Assigned task: Using the listing below, set down each line from the line containing "A saia Coolie" through the line containing "STAGE de POTERIE", both ends included, exactly and with nothing added.

Provided data:

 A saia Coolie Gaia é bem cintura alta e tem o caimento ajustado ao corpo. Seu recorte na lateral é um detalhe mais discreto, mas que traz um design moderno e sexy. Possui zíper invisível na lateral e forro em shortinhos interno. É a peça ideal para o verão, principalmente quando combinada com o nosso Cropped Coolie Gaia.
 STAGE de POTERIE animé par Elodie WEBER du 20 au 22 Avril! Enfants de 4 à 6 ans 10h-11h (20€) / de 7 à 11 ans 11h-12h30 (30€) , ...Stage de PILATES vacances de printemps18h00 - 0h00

==

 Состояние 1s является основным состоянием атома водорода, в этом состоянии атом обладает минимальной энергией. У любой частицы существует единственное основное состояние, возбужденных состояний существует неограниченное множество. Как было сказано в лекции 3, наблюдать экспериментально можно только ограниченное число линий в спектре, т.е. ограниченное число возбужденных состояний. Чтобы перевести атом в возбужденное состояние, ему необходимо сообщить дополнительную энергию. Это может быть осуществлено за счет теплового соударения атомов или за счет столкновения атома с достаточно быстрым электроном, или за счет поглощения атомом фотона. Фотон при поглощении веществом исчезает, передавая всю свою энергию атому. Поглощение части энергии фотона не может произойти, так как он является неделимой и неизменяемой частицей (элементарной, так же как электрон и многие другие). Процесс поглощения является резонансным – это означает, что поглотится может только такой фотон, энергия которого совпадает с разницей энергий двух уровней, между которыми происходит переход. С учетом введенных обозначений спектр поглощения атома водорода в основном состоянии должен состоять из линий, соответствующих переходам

Answer to the problem:
 A saia Coolie Gaia é bem cintura alta e tem o caimento ajustado ao corpo. Seu recorte na lateral é um detalhe mais discreto, mas que traz um design moderno e sexy. Possui zíper invisível na lateral e forro em shortinhos interno. É a peça ideal para o verão, principalmente quando combinada com o nosso Cropped Coolie Gaia.
 STAGE de POTERIE animé par Elodie WEBER du 20 au 22 Avril! Enfants de 4 à 6 ans 10h-11h (20€) / de 7 à 11 ans 11h-12h30 (30€) , ...Stage de PILATES vacances de printemps18h00 - 0h00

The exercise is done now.